For patients with moyamoya disease (MMD), surgical intervention is usually required because of progressive occlusion of the internal carotid artery. The indirect bypass method has been widely accepted as the treatment of choice in pediatric patients. However, in adult patients with MMD, the most effective treatment method remains a matter of debate. Here, the authors compared the clinical outcomes from MMD patients treated with either extracranial-intracranial arterial bypass (EIAB; 43 hemispheres) or modified encephaloduroarteriosynangiosis (mEDAS; 75 hemispheres) to investigate whether mEDAS is an effective surgical method for treating adults with symptomatic MMD.

METHODS

A comparative analysis was performed in patients treated using either mEDAS or EIAB. Collateral grading, collateral vein counting, and symptom analysis were used to assess the outcome of surgery.

RESULTS

Seventy-seven percent (58/75) of mEDAS cases and 83.7% (36/43) of EIAB cases in the analysis experienced improvement in their symptoms after surgery.
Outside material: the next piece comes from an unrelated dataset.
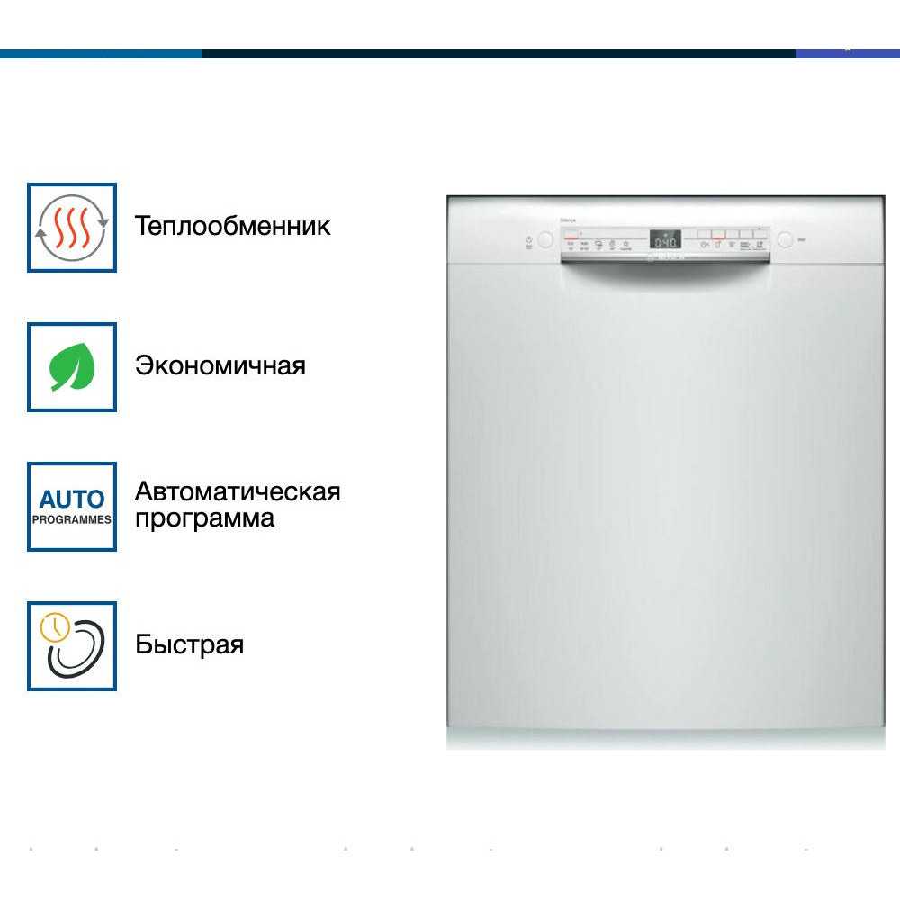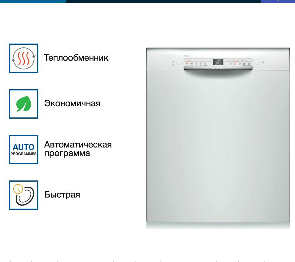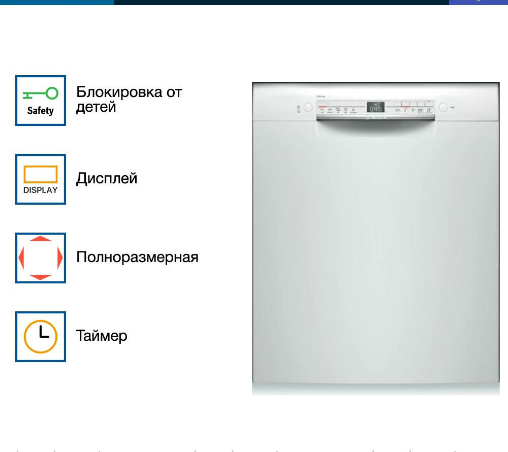 Посудомоечная машина Bosch SMU 2HVW20S — прибор с белой панелью управления. Устройство вмещает в себя 13 комплектов посуды. Таймер отсрочки представляет собой достаточно простое устройство, которое позволяет отложить начало выполнения программы на определенное время, что существенно сэкономит затраты на энергоресурсы.

Furthermore, patients in 98.7% (74/75) of mEDAS cases and those in 95.3% (41/43) of EIAB cases exhibited improved collateral grades. Increases in regions of perfusion were seen after both procedures.

CONCLUSIONS

Modified EDAS and EIAB both result in positive outcomes for symptomatic adults with MMD. However, when considering the benefit of both surgeries, the authors propose mEDAS, a simpler and less strenuous surgery with a lower risk of complications, as a sufficient and safe treatment option for symptomatic adults with MMD.

ABBREVIATIONS

DSA = digital subtraction angiography; EIAB = extracranial-intracranial arterial bypass; ICA = internal carotid artery; ICU = intensive care unit; LOS = length of stay; MCA = middle cerebral artery; mEDAS = modified encephaloduroarteriosynangiosis; MMD = moyamoya disease; MRA = magnetic resonance angiography; STA = superficial temporal artery; TIA = transient ischemic attack.